— How to complete this task —
Leave out the pictures and retype exactly the lines from the line with "Furologee 5 Tier" through the end of the listing below.

— Data excerpt —
● ● ● ●

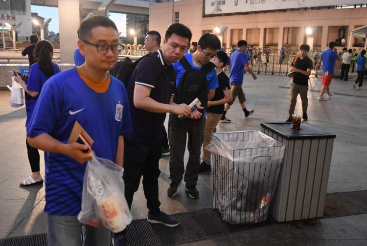 今晚比赛开始前大概一刻钟,周到记者碰到了一边吃着洋快餐,一边往自己所在看台赶的申花球迷小王。他是在下班后马上搭乘地铁赶往虹口足球场的,由于公司距离虹口足球场比较远,路上花了一个小时,所以来不及吃晚饭的他,只能买了点快餐,一边吃着一边赶到球场。问起他一会如何处理垃圾,小王说,“去年就发起了垃圾不乱扔,大家也越来越自觉,很多球迷都会把垃圾扔到垃圾箱里。现在跟以往不同的就是要垃圾分类,这段时间大家在家里就已经做了,所以基本上还是比较清楚的,食物残渣是湿垃圾,袋子是干垃圾。”
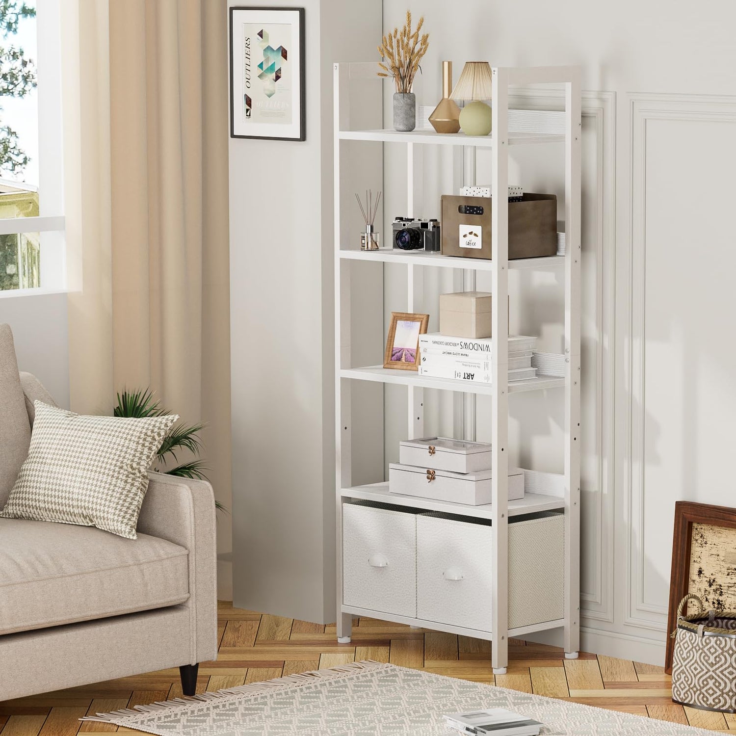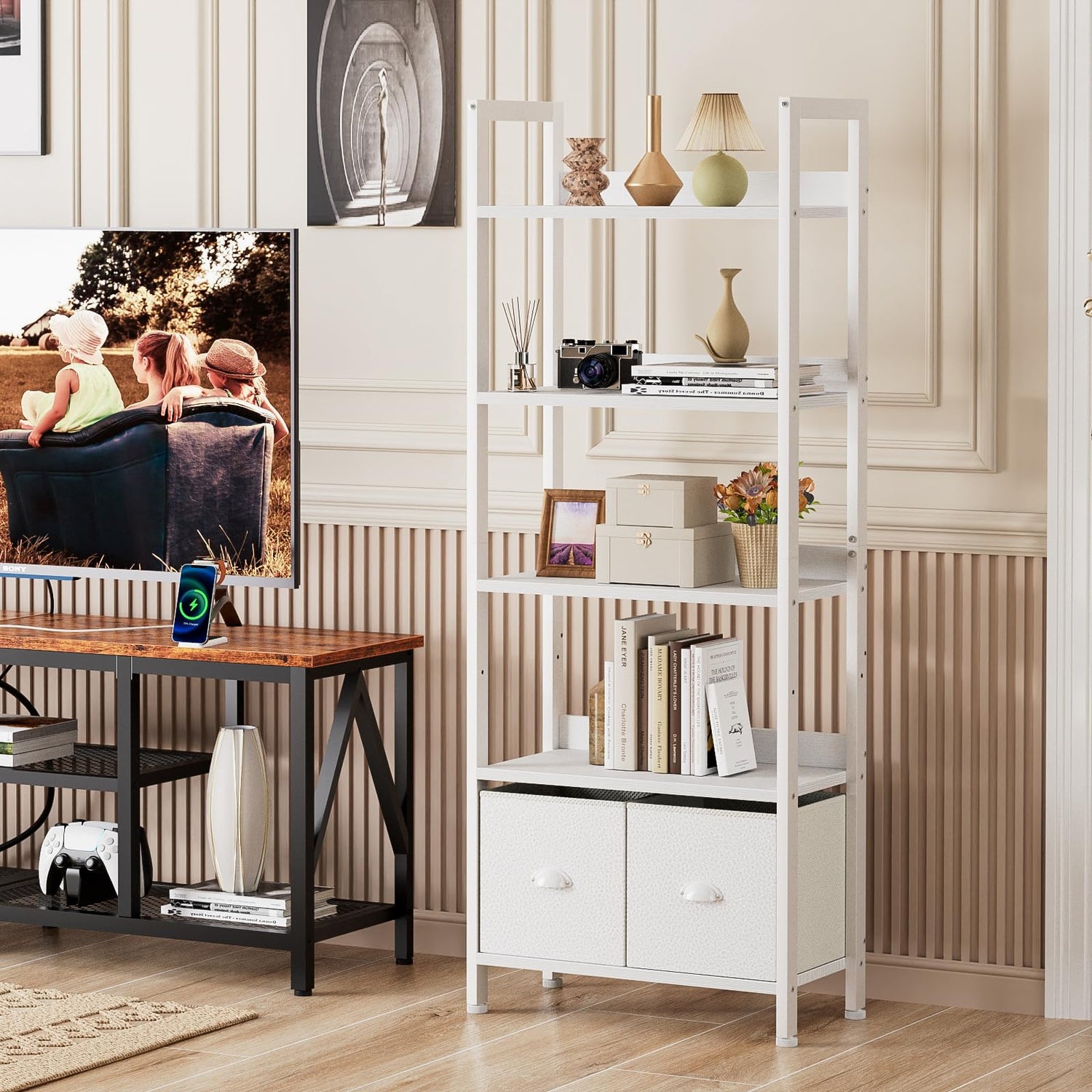 Furologee 5 Tier Bookshelf with Drawers, White Tall Bookcase with Shelves, Wood and Metal Book Shelf Storage Organizer, Modern Display Free Standing Shelf Unit for Bedroom, Living Room, Office
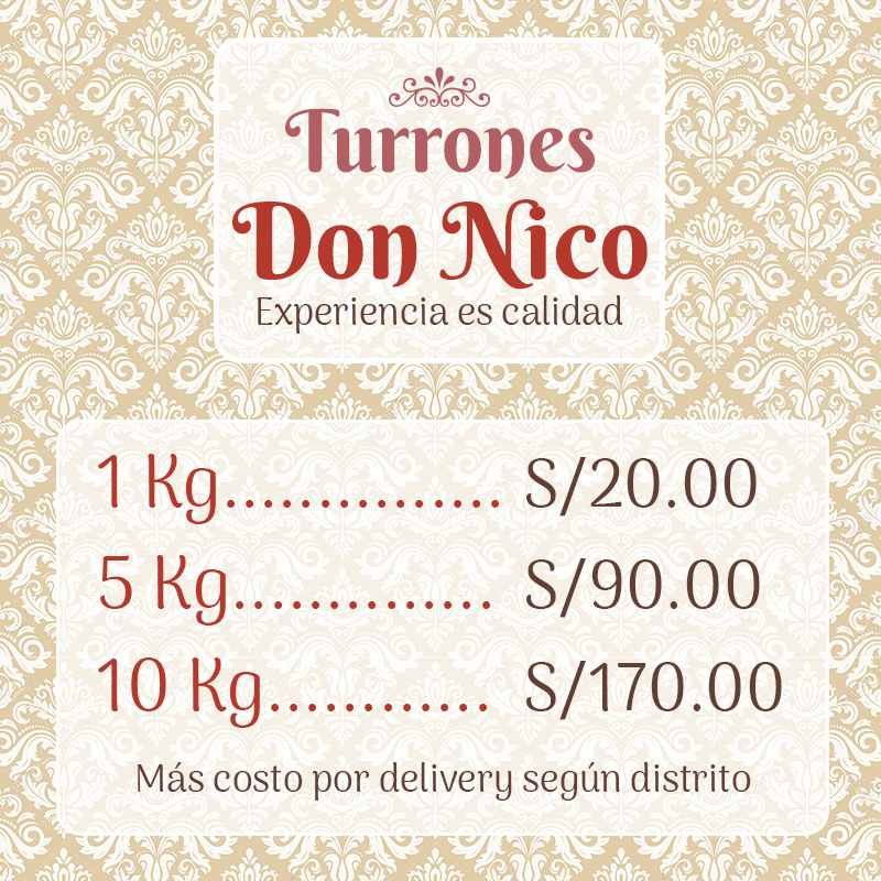 Más de 70 años de experiencia en preparación de pasteles clásicos. La receta secreta del turrón de Don Nico, quien a sus 97 años continúa produciendo, ha pasado a sus hijos y nietos, quienes ahora lo apoyan en este amoroso y dulce emprendimiento.
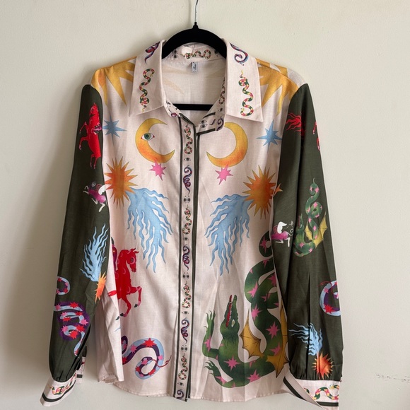 Vibrant button down shirt featuring a unique and colorful pattern. Perfect for adding a bold statement to your wardrobe. Excellent condition

● ● ● ●

— Task output —
 Furologee 5 Tier Bookshelf with Drawers, White Tall Bookcase with Shelves, Wood and Metal Book Shelf Storage Organizer, Modern Display Free Standing Shelf Unit for Bedroom, Living Room, Office
 Más de 70 años de experiencia en preparación de pasteles clásicos. La receta secreta del turrón de Don Nico, quien a sus 97 años continúa produciendo, ha pasado a sus hijos y nietos, quienes ahora lo apoyan en este amoroso y dulce emprendimiento.
 Vibrant button down shirt featuring a unique and colorful pattern. Perfect for adding a bold statement to your wardrobe. Excellent condition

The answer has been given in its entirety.